L’ennemi dont il croyait s’être débarrassé vivait, c’était une nouvelle lutte à soutenir.

— Que mon père prenne garde, continua le chef, le Cèdre-Rouge a juré qu’il se vengerait.

— Oh ! je ne lui en laisserai pas le temps. Cet homme est un démon dont il faut à tout prix purger la terre avant que les forces lui soient revenues et qu’il recommence le cours de ses assassinats.

— J’aiderai mon père dans sa vengeance.

— Merci, chef, je ne refuse pas votre offre ; peut-être bientôt aurai-je besoin de l’aide de tous mes amis.

— Et maintenant, que comptez-vous faire ?

— Puisque les Visages-Pâles le repoussent, la Plume-d’Aigle va se retirer au désert ; il a des amis parmi les Comanches, ce sont des Peaux-Rouges, ils l’accueilleront avec joie.

— Je n’essayerai pas de combattre votre détermination, chef, elle est juste, et si plus tard vous exercez de terribles représailles contre les blancs, ils ne pourront se plaindre, eux-mêmes l’auront voulu.

Quand part mon frère ?

— Au coucher du soleil.

— Reposez-vous ici aujourd’hui, demain il sera assez tôt pour vous mettre en route.

— Il faut que Mookapec parte aujourd’hui.

— Agissez donc à votre guise ; avez-vous un cheval ?

— Non, mais à la première manada que je trouverai j’en lacerai un.

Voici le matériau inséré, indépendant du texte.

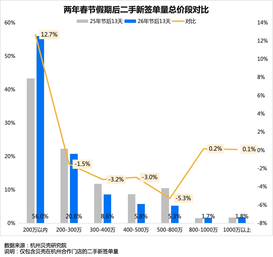 春节以来,杭州成交的二手房中刚需占比较大。(来源:杭州贝壳研究院)

— Je ne veux pas que vous partiez ainsi, je vous donnerai un cheval.

— Merci, mon père est bon, le chef indien se souviendra…

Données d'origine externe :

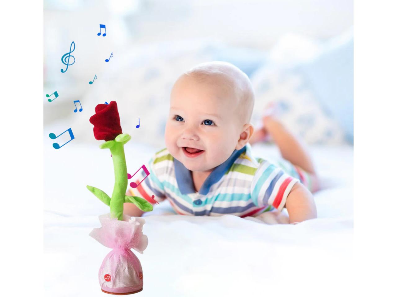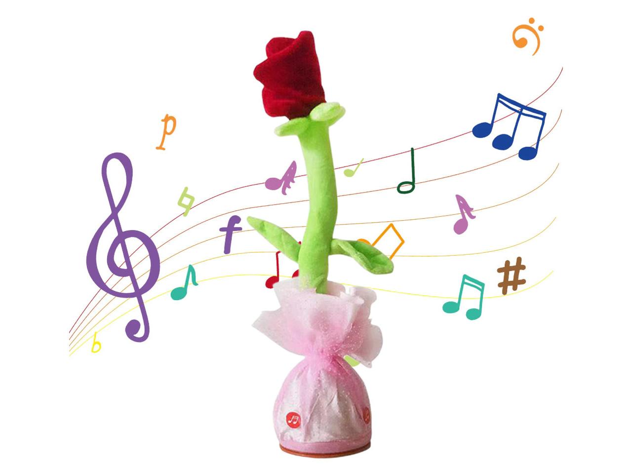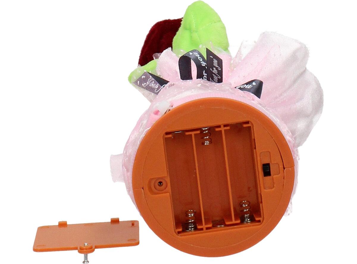 Hračka Mluvící a tančící růže je na 3 tužkové AA baterie.Baterie nejsou součástí balení. Veselá tančící růže opakuje vše co jí řeknete, svítí a nebo můžete pouštět muziku a to až 120 skladeb.

— Venez, vous le choisirez vous-même.

— J’ai encore quelques mots à dire à mon père.

— Parlez, chef, je vous écoute.

— Koutonepi, le chasseur pâle, m’a chargé de donner à mon père un avertissement important.

— Quel est-il ?

— Un grand danger menace mon père ; Koutonepi désire voir mon père le plus tôt possible afin de lui apprendre lui-même ce dont il s’agit.

— Bien, mon frère dira au chasseur que demain je me trouverai à la clairière du Chêne-Foudroyé, et que je l’y attendrai jusqu’au soir.

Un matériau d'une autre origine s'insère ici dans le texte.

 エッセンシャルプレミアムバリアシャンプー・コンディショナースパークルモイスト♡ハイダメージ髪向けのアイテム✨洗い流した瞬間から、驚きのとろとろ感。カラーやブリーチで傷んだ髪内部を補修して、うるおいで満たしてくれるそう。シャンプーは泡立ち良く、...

— Je rapporterai fidèlement les paroles de mon père au chasseur.

Les deux hommes sortirent alors du bosquet et se dirigèrent à grands pas vers l’hacienda.

Don Miguel laissa le chef Coras choisir lui-même un cheval, et pendant que le sachem harnachait sa monture, il se retira dans sa chambre à coucher et fit dire à son fils de venir le joindre.

Le jeune homme était complétement guéri de sa blessure.

Son père lui apprit qu’il était obligé de s’absenter pour quelques jours ; il lui confia la direction de l’hacienda, en lui recommandant surtout de ne pas s’éloigner de la ferme et de veiller attentivement sur sa sœur.

Le jeune homme lui promit tout ce qu’il voulut, heureux de jouir pendant quelques jours d’une liberté entière.

Après avoir embrassé sa fille et son fils une dernière fois, don Miguel se rendit dans le patio (cour).

En l’attendant, le chef s’amusait à faire exécuter des voltes et des courbettes à un magnifique cheval qu’il avait choisi.

Don Miguel admira pendant quelques minutes l’adresse et la grâce de l’Indien, qui maniait ce cheval avec autant d’élégance et de facilité que le meilleur ginète mexicain, puis il se mit en selle, et les deux hommes piquèrent du côté du paso del Norte, qu’il leur fallait absolument traverser pour gagner le désert et se rendre à la clairière du Chêne-Foudroyé.

Le voyage fut silencieux ; les deux hommes réfléchissaient profondément.

Au moment où ils entrèrent dans le Paso, le soleil se couchait à l’horizon dans un flot de vapeurs rougeâtres, ce qui présageait un orage pour la nuit.

À l’entrée du village, ils se séparèrent. Le lendemain, ainsi que nous l’avons dit dans notre premier chapitre, don Miguel sortit au point du jour et se rendit à la clairière.

Maintenant nous fermerons cette trop longue parenthèse, mais qui était indispensable pour que le lecteur comprît bien les faits qui vont suivre, et nous reprendrons notre récit au point où nous l’avons laissé.